The COVID-19 pandemic has wreaked havoc on many industries indiscriminately, from energy to food service and seemingly everything in-between. While the expectation would be that the reverse mortgage industry would pivot and maneuver through this time based on its response to past crises, what’s actually happening goes beyond that: this pandemic seems to actually be helping the business.
Since mid-March, more than 44 million Americans have applied for state unemployment benefits, the largest figure in history. An additional 1.5 million people filed for benefits last week, according to the Labor Department. The stock market has been on a turbulent ride, with historic losses posted in March, many of those same losses recovered in May, and yet another steep drop being observed late last week.
These are all undoubtedly negative occurrences for American households, but they actually seem to be creating interest and — more importantly — activity for the reverse mortgage industry. Because of the economic impact of the virus and the already shaky ground on which senior retirement sits in the United States, reverse mortgage products and the professionals who offer them are finding themselves consistently busy as more Americans try and find new and novel ways to solidify their financial standings.
That initial disorientation related to the steep drops in the stock market gave way by even early April to a corps of reverse mortgage loan officers who have found ways to adapt to current economic conditions, and position the reverse mortgage as a possible solution. Loan officers in places like Colorado and Maryland in April report that referral business had seen a noticeable spike, up to and including some partners who had gone back to the loan officers because of the new situation created by the pandemic.
Based on conversations with these loan officers, it looks like what has happened is that previous potential clients who at one point decided against getting a reverse mortgage have now seen their circumstances change. With that change in their own situation has come the realization that a reverse mortgage product is now better suited to help them through a tough time.
Regulation, and the necessity for the product
The industry’s chief governing body, namely the Federal Housing Administration (FHA) and Department of Housing and Urban Development (HUD), have also stepped up to make sure that the reverse mortgage product is available to serve people in the ways they need service. The government has allowed for relaxed appraisal requirements requirements.
This has created some additional surprise on its own: the continuous flow of regulation and intervention on the part of the government is often a cause for anxiety and difficulty on the part of the reverse mortgage industry, since compliance anxiety often results from changes handed down by the government. In this case, though, the government’s intervention has made for a much easier time for the industry, streamlining and simplifying the way that people can originate and close reverse mortgage loans.
Relevance for the reverse mortgage product category is also bolstered by the fact that major financial institutions have halted their own Home Equity Line of Credit (HELOC) offerings, starting with JP Morgan Chase in mid-April and growing to encompass Wells Fargo by May. The exits of those institutions has only strengthened the stance of reverse mortgage companies who provide stand by credit line similar to HELOC”S but with the added advantage of no monthly mortgage payment required.

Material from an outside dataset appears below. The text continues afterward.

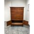 Design Plus Gallery presents a Chest of Drawers from Lexington Furniture with Design by Bob Timberlake. The chest is made of solid cherry wood and gives a reddish hue to the impeccable chest. The chest beckons you to come and organize all your possessions to perfection. The top of the chest has six miniature drawers with two half width size drawer beneath. The middle section offers three same depth drawers while the lowest position of the chest allows to cupboard doors to open for flat folded + bulky items, i.e. blankets. All hardware is present, with small ball shaped pulls in an aged brass tone. The dresser is signed with in good condition with minimal wear for its age + use. This is a discontinued model. Made in the USA.

These factors have led reverse mortgage industry participants have transitioned from a perspective of overriding caution to one of general optimism. In mid-April, LOs across the country found themselves very nervous about what social distancing and other virus mitigation efforts might do to their ability to conduct business with senior clientele, with a California originator advising colleagues to “prepare for the worst.”

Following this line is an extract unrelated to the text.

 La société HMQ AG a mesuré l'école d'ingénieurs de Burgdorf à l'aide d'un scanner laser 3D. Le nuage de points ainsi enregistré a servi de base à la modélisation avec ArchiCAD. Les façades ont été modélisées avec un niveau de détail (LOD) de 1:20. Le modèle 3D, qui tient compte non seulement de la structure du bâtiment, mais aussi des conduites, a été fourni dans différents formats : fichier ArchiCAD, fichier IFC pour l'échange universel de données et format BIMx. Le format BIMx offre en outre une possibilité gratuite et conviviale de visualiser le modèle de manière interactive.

Now, many of those same originators are finding themselves busier than they’ve ever been all year, with a favorable rate environment enhancing benefits for borrowers and added interest in proprietary products coming from the current economic situation. Many loan officers I’ve spoken with have told me — both on-the-record and off — that things like referral partnerships and loan pipelines are as large as they’ve ever been, precisely because the product is there as a tool for seniors to weather financial shocks like this one.
Fulfilling a promise
It’s not exactly a good idea for the reverse mortgage industry to market to people how it has managed to profit off of a crisis that is afflicting millions of Americans, but at the same time, the truth of the matter is that this is why reverse mortgages exist in the first place. In an environment where seniors’ retirement futures have already been put at risk by dwindling savings and disappearing pensions, the idea of the reverse mortgage is to allow a senior to use the equity in their home to either meet necessary expenses in old age, or to enhance their quality of life in retirement.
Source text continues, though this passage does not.